Dataset records:
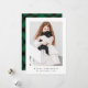 Simple and classic one photo festive green Merry Christmas holiday greeting card features a traditional rustic plaid print on the back and minimal typography on the front.
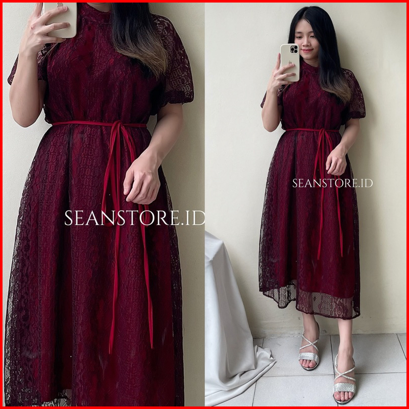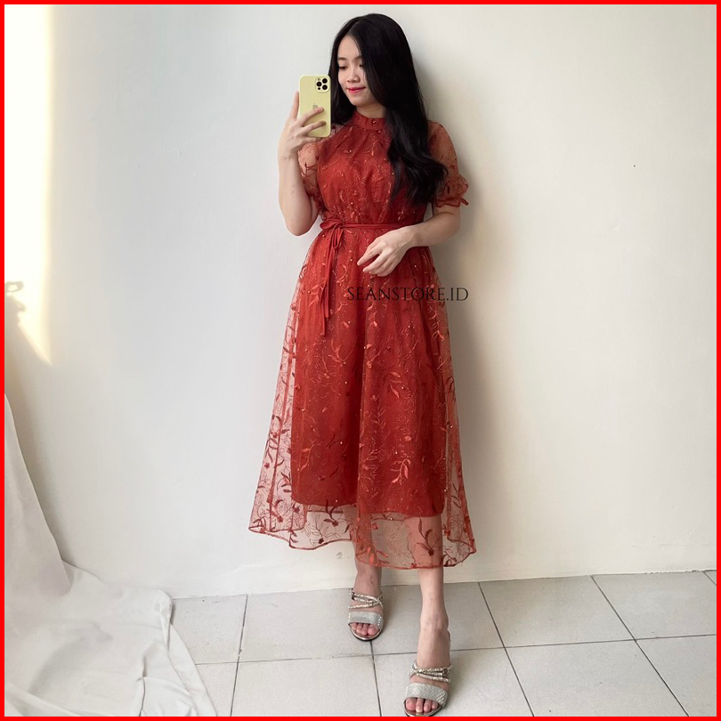 Premium Owelia Midi Brukat Dress Pesta Natal Wanita Outfit Pesta Kondangan Feminim Promnight Dress Dress Gereja Dress Na
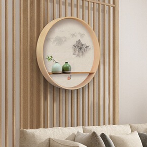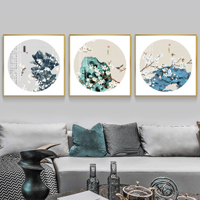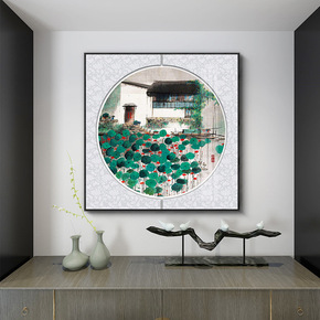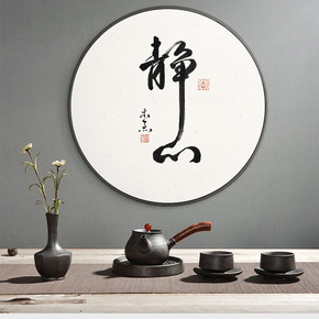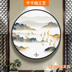 禅意挂画水墨山水画圆形正方形客厅挂画玄关酒店茶室新...
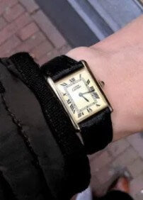 Another company that has clearly taken inspiration from Cartier is American watchmaker, Bulova. Their Classic Collection includes a rectangular watch with a crocodile leather band (check its price on Amazon), which doesn’t completely borrow its look from the Tank, but the resemblance is pretty obvious. The black and silver watch dispenses with the railroad tracks, but it still uses Roman numerals.
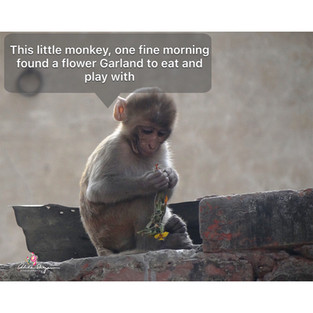 These are a series of six pictures, showing two monkeys fighting over an abandoned garland, in the premises of a mandir at Vrindavan Dham in India.
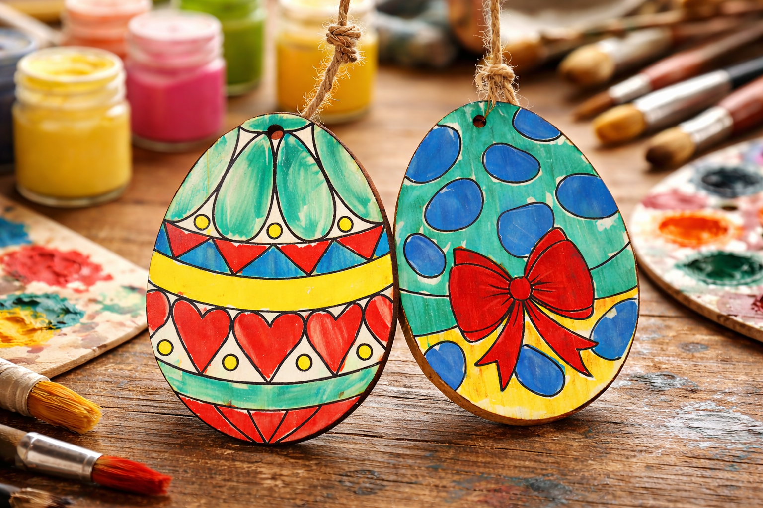 • Kolorowe, ręcznie zdobione drewniane zawieszki w kształcie jajek
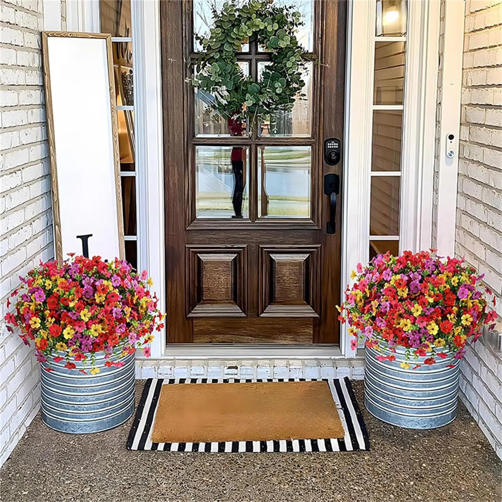 Designed for both indoor and outdoor use, these plastic faux blooms bring effortless greenery and charm to any area. Featuring vivid daisies paired with fresh eucalyptus leaves, they deliver a natural, realistic appearance that blends beautifully into greenery boxes, boxwood arrangements, porches, patios and more.
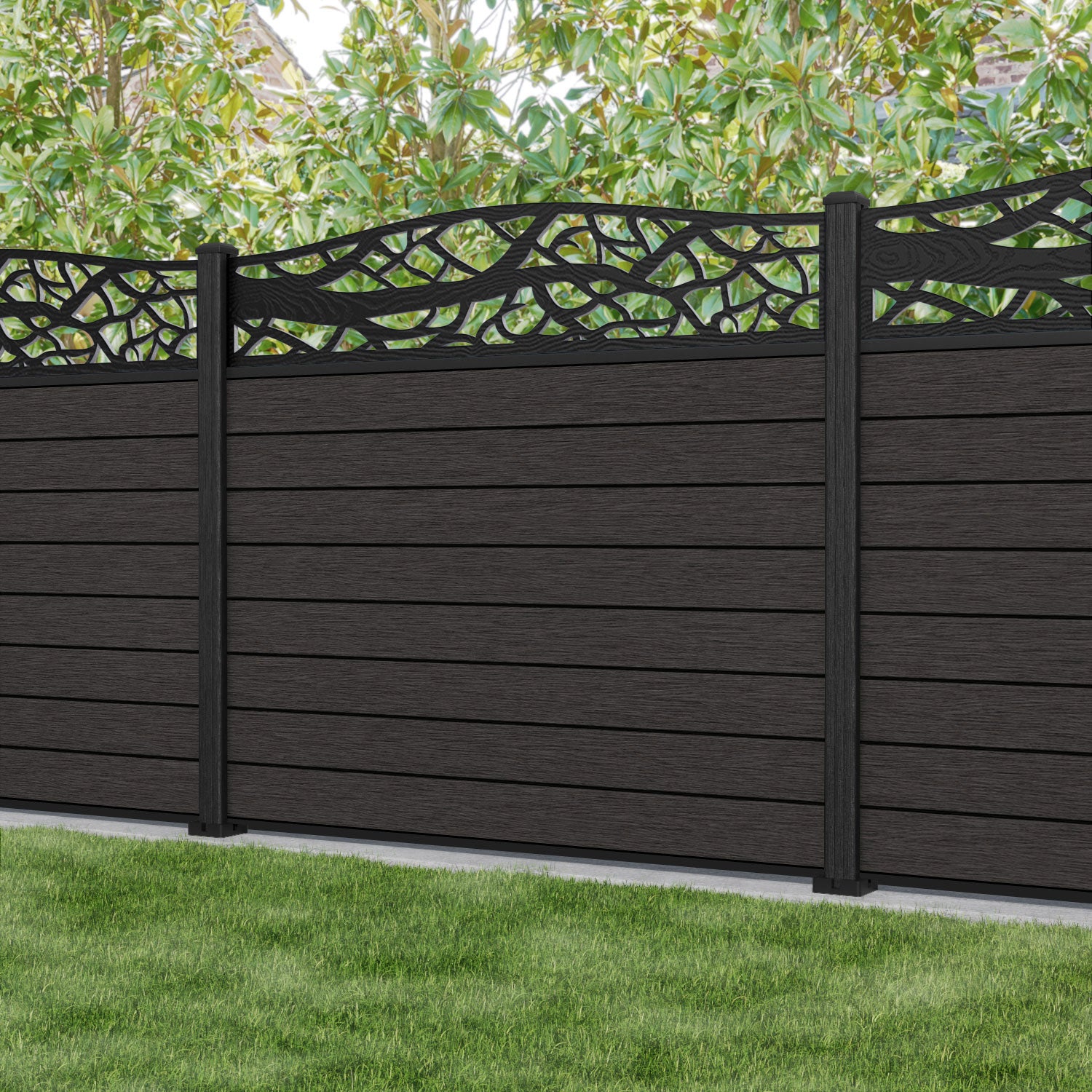 Reference: Fusion Twilight Curved Top Fence Panel - Dark Oak - with our composite posts
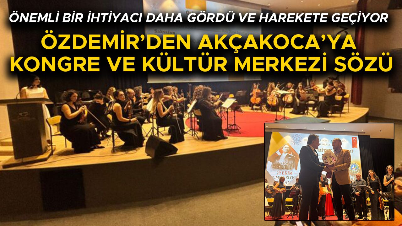 Konuşmasında, Akçakoca’ya yönelik önemli bir müjde de veren Özdemir, önümüzdeki süreçte ilçeye bin kişilik modern bir kongre ve kültür merkezi kazandıracaklarını açıkladı. Söz konusu tesisin; tiyatro, konser, şenlik ve çeşitli kültürel etkinliklere daha geniş imkân sunacağını belirten Özdemir, “Akçakoca’nın kültür ve sanat yaşamına değer katacağız. Bu yatırımı ilçemize kazandırmak için gerekli çalışmayı başlatıyoruz.” dedi.
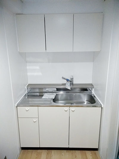 【施工後】 白を基調とした明るい雰囲気の給湯室に生まれ変わりました!
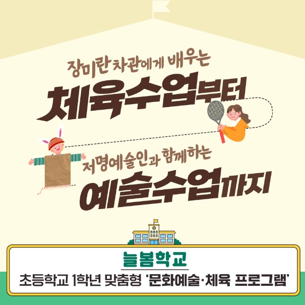 문화체육관광부는 초등학교 1학년부터 질 높은 문화예술·체육을 접할 수 있도록 ‘늘봄학교’ 운영에 필요한 다양한 프로그램을 제공하겠습니다.
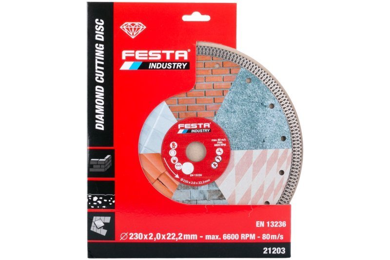 profesionální diamantový turbo kotouč FESTA INDUSTRY - extra tenký jen 2 mm kvalitní diamantová vrstva se speciálním tvarem segmentů a vysokým obsahem diamantového prachu -rychlé a přesné řezání, dlouhá životnost přesné zpracování - napojení na nosný disk kotouče odolávající vysokým teplotám, chladící otvory v těle kotouče pro maximální chlazení kotouče při práci, zesílený střed - vyšší pevnost konstrukce kotouče s nižším přenosem nežádoucích vibrací určený pro mokré i suché řezání dlažby, obkladů, betonu, cihel, zdiva, žuly, mramoru, kamene
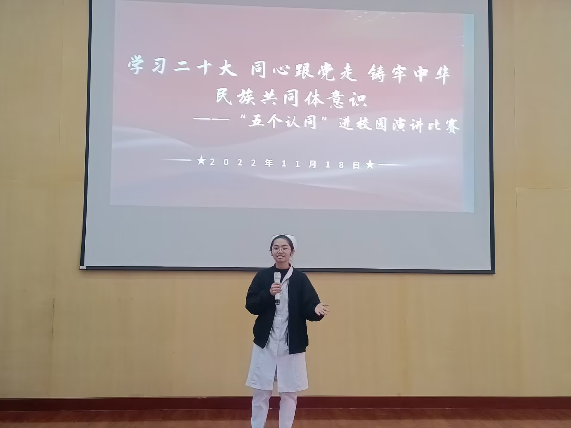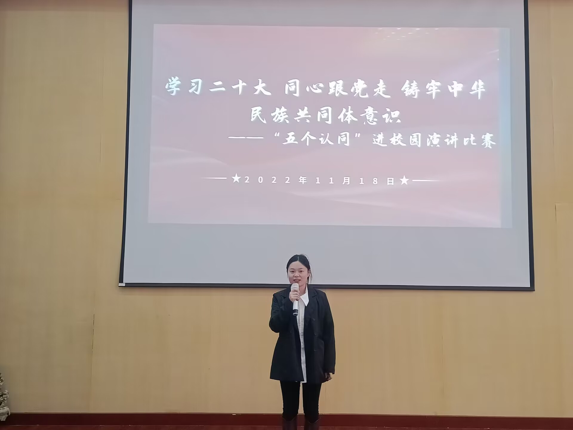 为深入学习党的二十大精神,进一步贯彻落实中央、省委、州委民族工作会议精神,扎实推进我州创建铸牢中华民族共同体意识模范州工作,引导我院学子铸牢中华民族共同体意识和增强对伟大祖国、中华民族、中华文化、中国共产党、中国特色社会主义的认同,牢固树立正确的祖国观、历史观、民族观,为学习贯彻党的二十大精神营造良好社会氛围,根据黔南统通【2022】33号文件,我院于11月18日下午在我院知行楼音乐厅开展了学习党的二十大 同心跟党走 铸牢中华民族共同体意识——“五个认同”进校园演讲比赛。
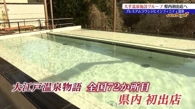 「こちらが大江戸温泉物語の県内初の施設です。ロビーはシックな空間でひろびろとしています。オープンを3週間後に控え、施設内では最終準備が進められています」
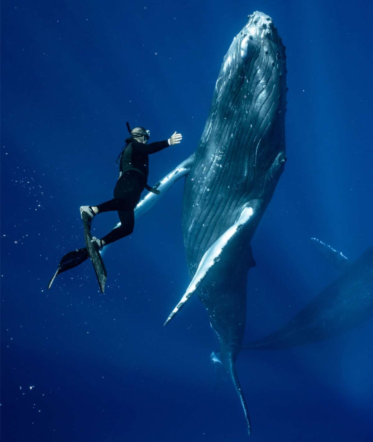 Kambur balina (Megaptera novaeangliae) ve dalgıç (temsili)
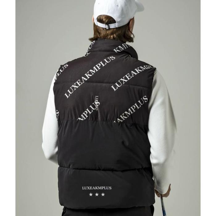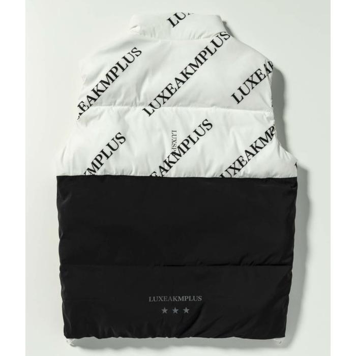 スタイリッシュなバイカラーの配色が目を引く中綿ベスト。斜めに走る総柄ロゴがスポーティな表情を演出。ポケットには止水ファスナーを配置し、ラグジュアリーな仕様に。落ち着きがちなコーデに投入することで存在感を与えてくれるアイテムです。
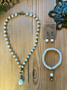 The Winter Wonderland Gift Set is perfect for adding a touch of elegant charm to any outfit. Featuring a short necklace with a champagne crystal and pearl drop, a stretchy bracelet, and freshwater pearl and champagne crystal earrings, this set is sure to make a statement. Elevate your style with this exquisite set today.
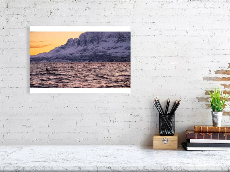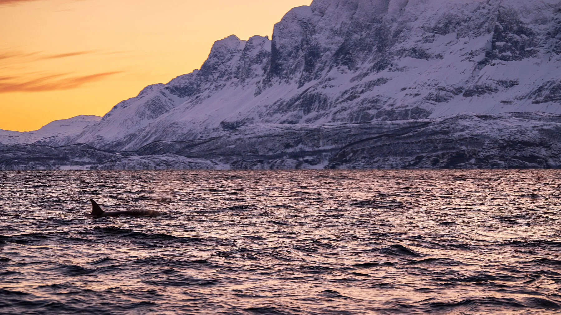 When the sun doesn’t rise above the horizon during the winter in northern Norway, the sky takes full advantage of the situation, and gives off incredible golden hour hues all day long, intensifying in the afternoon just before the light starts to fade. Orcas surfacing for a breath in front of the snow covered mountains create a magical scene which can only be witnessed in this wonderfully remote location.
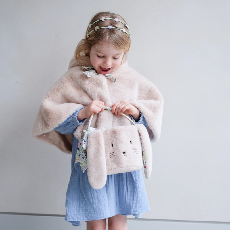Izrađena od najmekšeg krzna s cvjetnom podstavom, floppy ušima, ručkom i ručno vezanom mašnom, ova košarica je savršena za male istraživače. Idealna je za nošenje posvuda, bilo da se radi o uskrsnoj potrazi za jajima ili svakodnevnim avanturama.
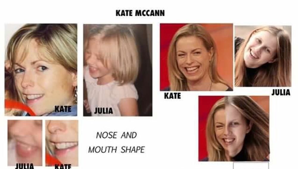 Concretamente, se trata de fotografías en las que los tres aparecen sonriendo, recortando las sonrisas y de Kate y Gerry y poniéndolas al lado de la suya para evidenciar, a mayor escala, el supuesto parecido físico. De la misma manera, ha comparado las miradas.
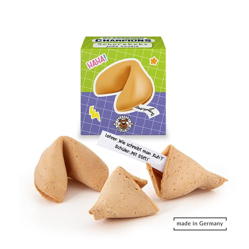 Knuspern & Kichern! Dieser Glückskeks (Weizengebäck, 6g) für die Schule enthält einen von 6 lustigen Schülerwitzen (deutsch & englisch) – Made in Germany! Perfekt als kleine Überraschung, Belohnung oder Pausen-Gag und verpackt in einer lustigen Geschenkbox!
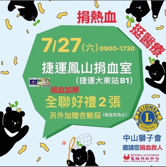 標題[閒聊] 7/27、7/29禮品豐富捐血場次(全聯200

» Work task
Word for word, retype the lines in the entries above that run from the one with "Kambur balina (Megaptera" through the one with "スタイリッシュなバイカラーの". Both ends count; pictures do not.

» Answer space
 Kambur balina (Megaptera novaeangliae) ve dalgıç (temsili)
 スタイリッシュなバイカラーの配色が目を引く中綿ベスト。斜めに走る総柄ロゴがスポーティな表情を演出。ポケットには止水ファスナーを配置し、ラグジュアリーな仕様に。落ち着きがちなコーデに投入することで存在感を与えてくれるアイテムです。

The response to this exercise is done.